**Problem description**
Write out every entry exactly; the pictures do not belong in the copy.

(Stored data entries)
________
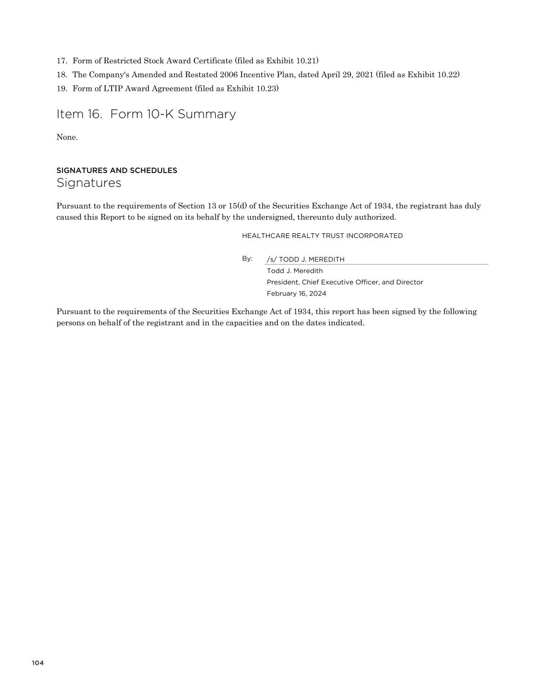 17. Form of Restricted Stock Award Certificate (filed as Exhibit 10.21) 18. The Company's Amended and Restated 2006 Incentive Plan, dated April 29, 2021 (filed as Exhibit 10.22) 19. Form of LTIP Award Agreement (filed as Exhibit 10.23) Item 16. Form 10-K Summary None. SIGNATURES AND SCHEDULES Signatures Pursuant to the requirements of Section 13 or 15(d) of the Securities Exchange Act of 1934, the registrant has duly caused this Report to be signed on its behalf by the undersigned, thereunto duly authorized. HEALTHCARE REALTY TRUST INCORPORATED By: /s/ TODD J. MEREDITH Todd J. Meredith President, Chief Executive Officer, and Director February 16, 2024 Pursuant to the requirements of the Securities Exchange Act of 1934, this report has been signed by the following persons on behalf of the registrant and in the capacities and on the dates indicated. 104
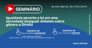 A Associação dos Advogados de São Paulo – AASP, promoverá nos próximos dias 25, 26 e 27/05, às 09h, o seminário “Igualdade perante a lei em uma sociedade desigual: debates sobre gênero e Direito”. O evento será em formato hibrido (presencial e online) no presencial o evento ocorrerá na Unidade Jardim Paulista da AASP, Alameda Santos, 2.159, 15º andar, Edifício Santos Augusta. O seminário é uma promoção da AASP com o Núcleo Gênero e Direito da FGV-Direito.
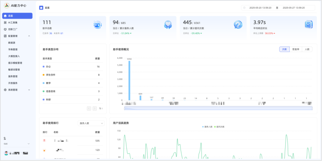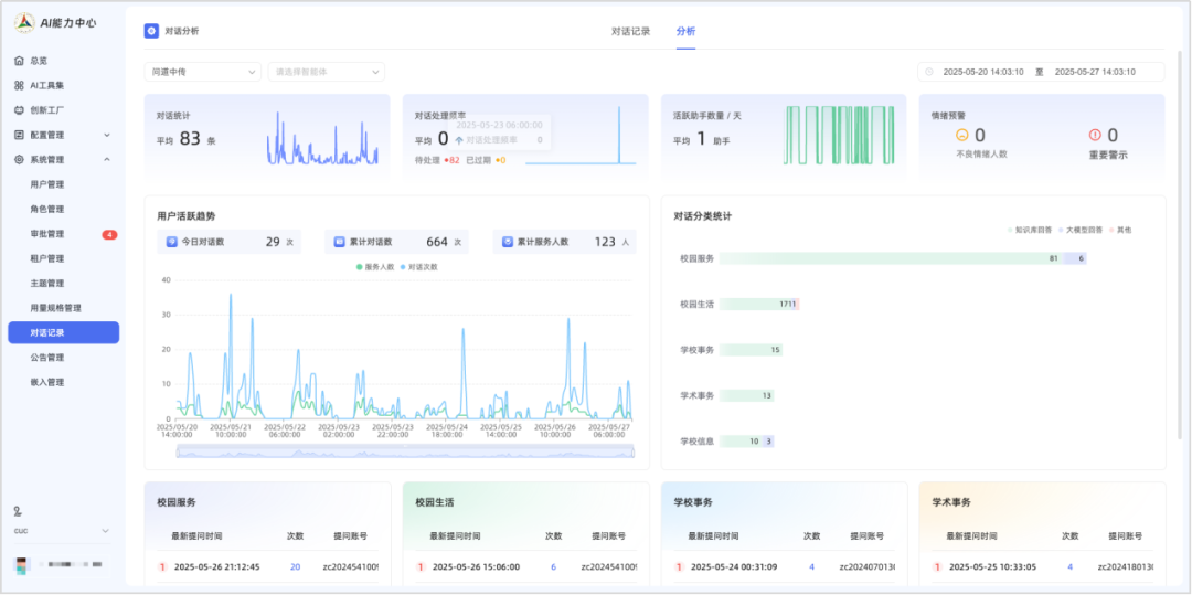 问道中传以数据驱动的运营与分析能力,为高校智能服务构筑起高效、安全、可持续的管理体系。系统通过对用户使用情况的精准洞察,帮助管理者快速定位关键信息;同时基于对话数据实现风险抓取与预警,确保服务合规与安全;并结合知识库活跃度与更新状态的持续呈现,支撑知识库的周期性治理与迭代优化。三者协同作用,不仅提升了校园智能服务的响应效率与安全性,也为智慧校园的可持续发展注入了坚实动力。
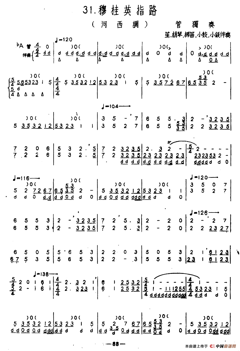选自《定县子位村 管乐曲集》,穆桂英指路(河西调) bA调。
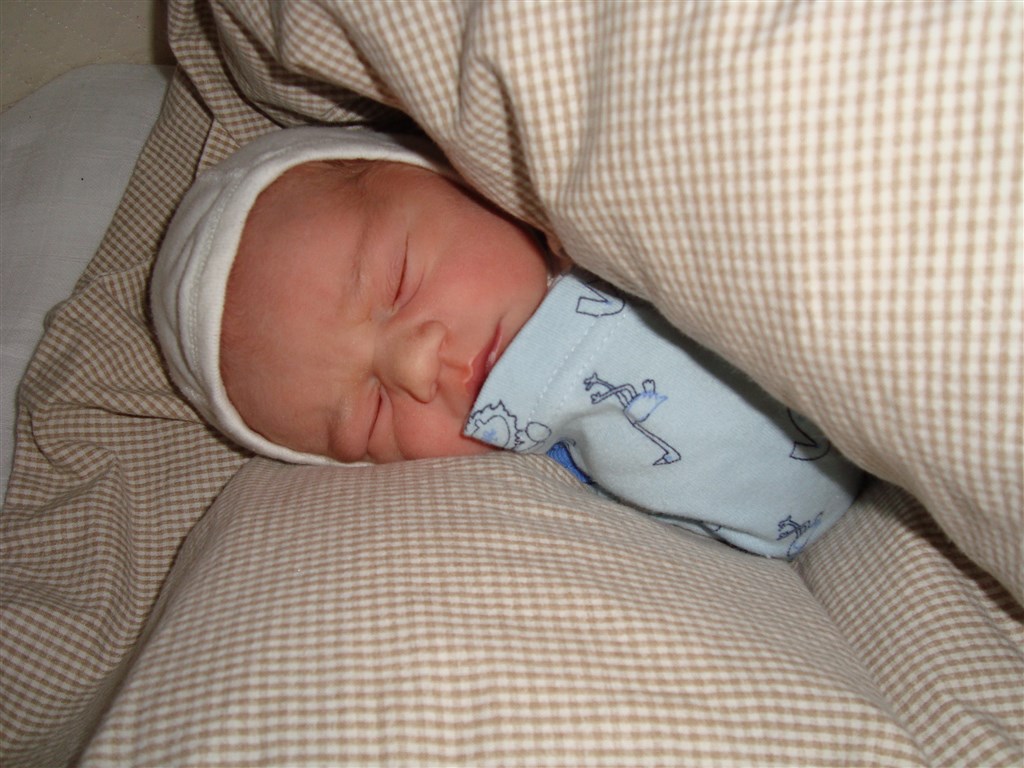 Et par billeder skal der til. På det første er han små 9 timer gammel og det andet er lige taget. Han ligger lige her ved siden af mig og sover:0)
________
**Problem solution**
 17. Form of Restricted Stock Award Certificate (filed as Exhibit 10.21) 18. The Company's Amended and Restated 2006 Incentive Plan, dated April 29, 2021 (filed as Exhibit 10.22) 19. Form of LTIP Award Agreement (filed as Exhibit 10.23) Item 16. Form 10-K Summary None. SIGNATURES AND SCHEDULES Signatures Pursuant to the requirements of Section 13 or 15(d) of the Securities Exchange Act of 1934, the registrant has duly caused this Report to be signed on its behalf by the undersigned, thereunto duly authorized. HEALTHCARE REALTY TRUST INCORPORATED By: /s/ TODD J. MEREDITH Todd J. Meredith President, Chief Executive Officer, and Director February 16, 2024 Pursuant to the requirements of the Securities Exchange Act of 1934, this report has been signed by the following persons on behalf of the registrant and in the capacities and on the dates indicated. 104
 A Associação dos Advogados de São Paulo – AASP, promoverá nos próximos dias 25, 26 e 27/05, às 09h, o seminário “Igualdade perante a lei em uma sociedade desigual: debates sobre gênero e Direito”. O evento será em formato hibrido (presencial e online) no presencial o evento ocorrerá na Unidade Jardim Paulista da AASP, Alameda Santos, 2.159, 15º andar, Edifício Santos Augusta. O seminário é uma promoção da AASP com o Núcleo Gênero e Direito da FGV-Direito.
 问道中传以数据驱动的运营与分析能力,为高校智能服务构筑起高效、安全、可持续的管理体系。系统通过对用户使用情况的精准洞察,帮助管理者快速定位关键信息;同时基于对话数据实现风险抓取与预警,确保服务合规与安全;并结合知识库活跃度与更新状态的持续呈现,支撑知识库的周期性治理与迭代优化。三者协同作用,不仅提升了校园智能服务的响应效率与安全性,也为智慧校园的可持续发展注入了坚实动力。
选自《定县子位村 管乐曲集》,穆桂英指路(河西调) bA调。
 Et par billeder skal der til. På det første er han små 9 timer gammel og det andet er lige taget. Han ligger lige her ved siden af mig og sover:0)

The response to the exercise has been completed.